For each row, subtract the values in the form X1 - X2
X1 is from group 1
X2 is from group 2
For instance, the first row has 48.86 - 48.88 = -0.02 as the difference
We'll list the differences in the column labeled "d"

Group 1 Group 2 d
48.86 48.88 -0.02
50.6 52.63 -2.03
51.02 52.55 -1.53
47.99 50.94 -2.95
54.2 53.02 1.18
50.66 50.66 0
45.91 47.78 -1.87
48.79 48.44 0.35
47.76 48.92 -1.16
51.13 51.63 -0.5

If you were to compute the sample mean of the d column, you should find that the mean is -0.853
We call this value dbar in much the same way xbar is denoted.
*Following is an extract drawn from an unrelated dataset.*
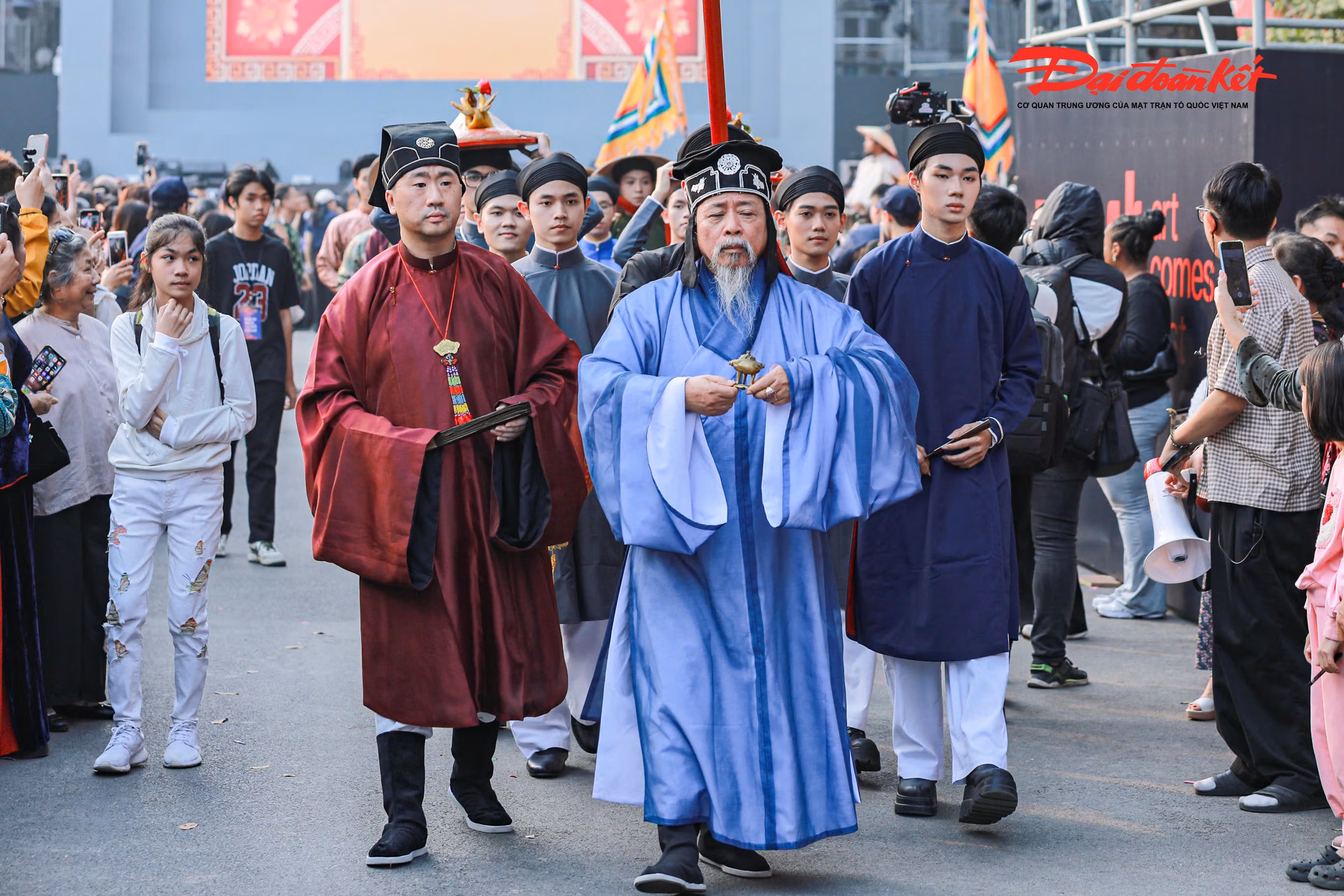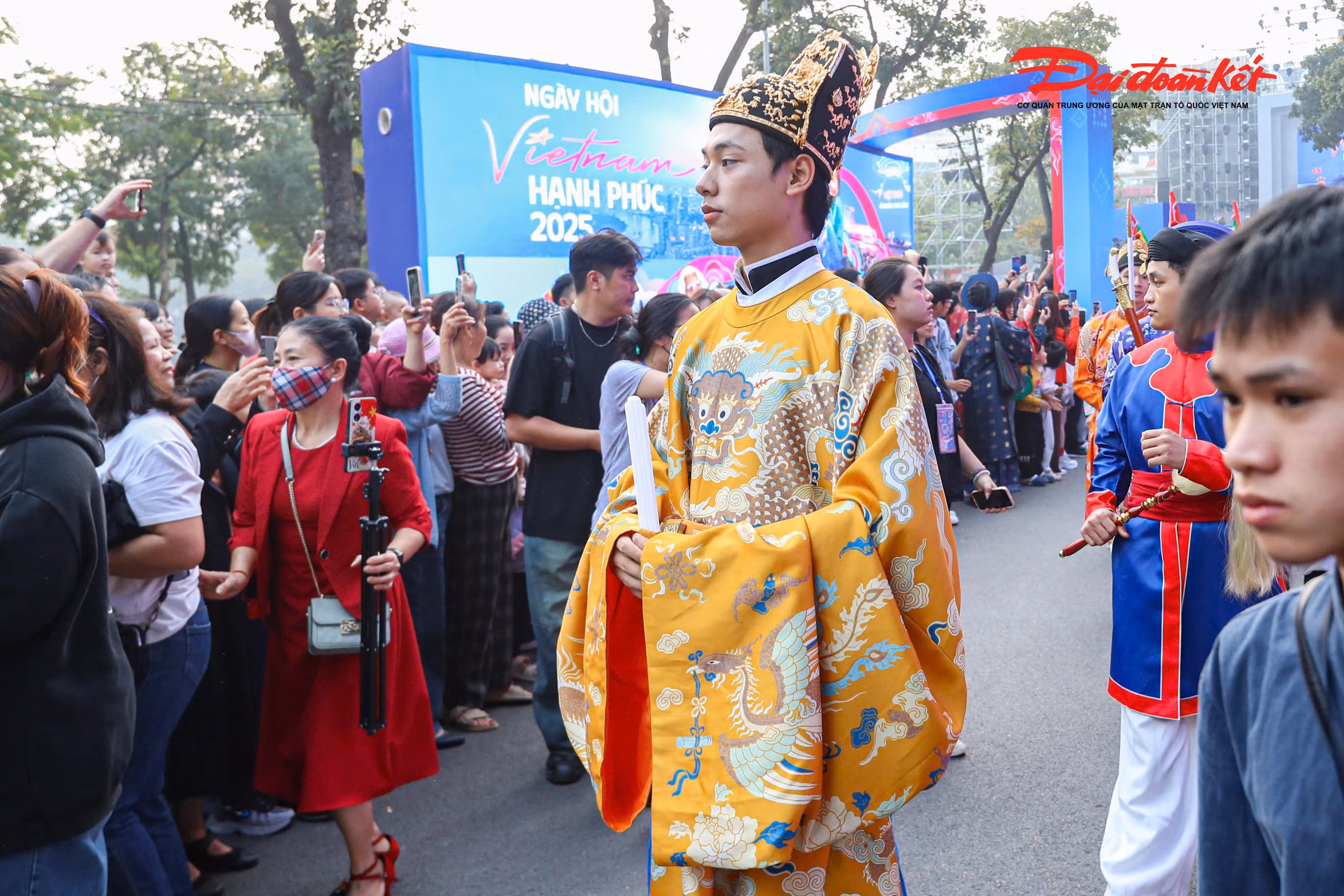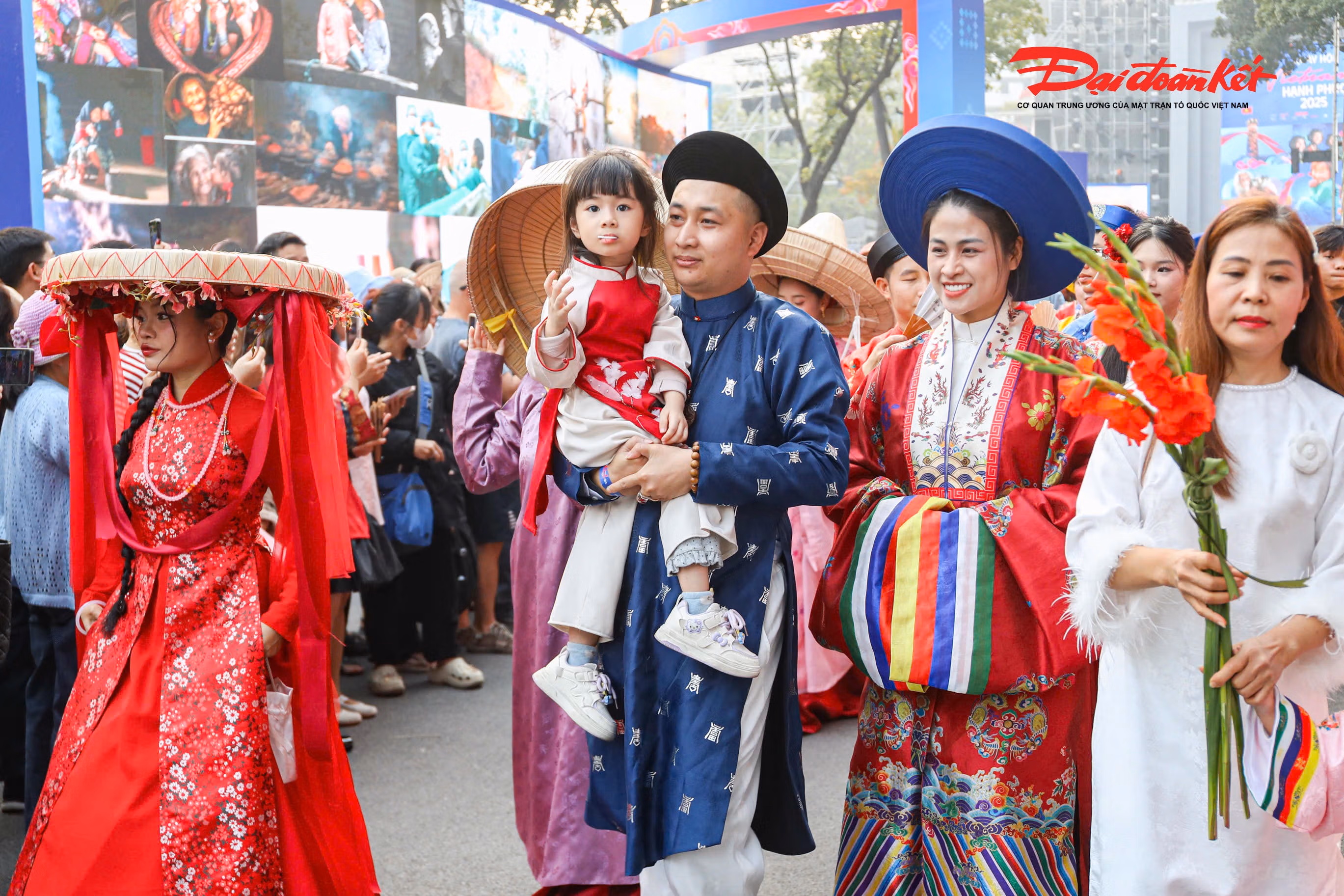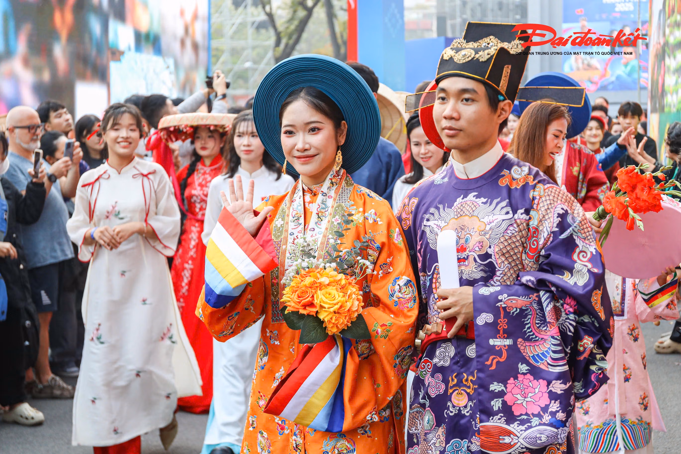 Chiều 7/12, không gian phố đi bộ Hồ Gươm trở nên rực rỡ và náo nhiệt hơn thường ngày khi khoảng 800 người trong trang phục truyền thống Việt Nam cùng nhau tái hiện nghi lễ cưới xưa. Sự kiện thu hút đông đảo người dân và du khách, tạo nên điểm nhấn văn hóa đặc sắc giữa trung tâm Thủ đô trong những ngày đầu đông.

The "bar" refers to the horizontal line up top.
dbar = -0.853

The sample variance of the d column will follow the same type of steps as described in part (A) when I detailed how to compute the variance of group 1.
You should get a sample variance of 1.610668 which leads to the sample standard deviation of sqrt(1.610668) = 1.269121
I'll refer to this standard deviation as Sd to indicate "Standard deviation of the differences".

Now onto the standard error (SE)
SE = Sd/sqrt(n)
SE = 1.269121/sqrt(10)
SE = 0.40133129863506
SE = 0.401331

It allows us to compute the test statistic
t = (dbar - mu_d)/SE
t = (-0.853 - 0)/0.40133129863506
t = -2.12542605797524
t = -2.1254

The degrees of freedom is n-1 = 10-1 = 9

I'll then use this calculator again
https://stattrek.com/online-calculator/t-distribution.aspx
to find that P(T < -2.1254) = 0.0312 when df = 9 which doubles to 2*0.0312 = 0.0624 since we're doing a two-tailed test.
The result 0.0624 is the approximate P-value.

------------------------------

Summary:

dbar = -0.853 is the sample mean of the differences (d column)
1.610668 is the approximate sample variance of the differences (d column)
t = -2.1254 is the approximate test statistic
df = 9 = degrees of freedom
P-value = 0.0624

==============================================================================================================
Part (C)

Admittedly there are a lot of numbers and variables to keep track of.
It might be overwhelming if you aren't familiar with statistics too much.

Though if I had to pick one variable to focus on, I would say it's the P-value.
In many scientific journals, the researchers report the P-value to the reader to indicate how (in)significant the results were.

In part (A), we got a P-value of roughly 0.3938
In part (B), we got a P-value of roughly 0.0624
That's quite a gap.

Recall that the P-value determines if you reject or fail to reject the null.
Let's say the significance level is alpha = 0.05 which is the default level.

At this alpha value, we'd fail to reject the null for both part (A) and part (B). Why? Because the p-value for each is not less than alpha = 0.05
We reject the null only if the p-value is smaller than alpha.

If we set alpha = 0.10, then we'd fail to reject in part (A) but reject the null in part (B)
Sometimes you may see a significance level of alpha = 0.10 (of course it depends on the context).
As you can see, part (B) has leads to a situation where we are more likely to reject the null.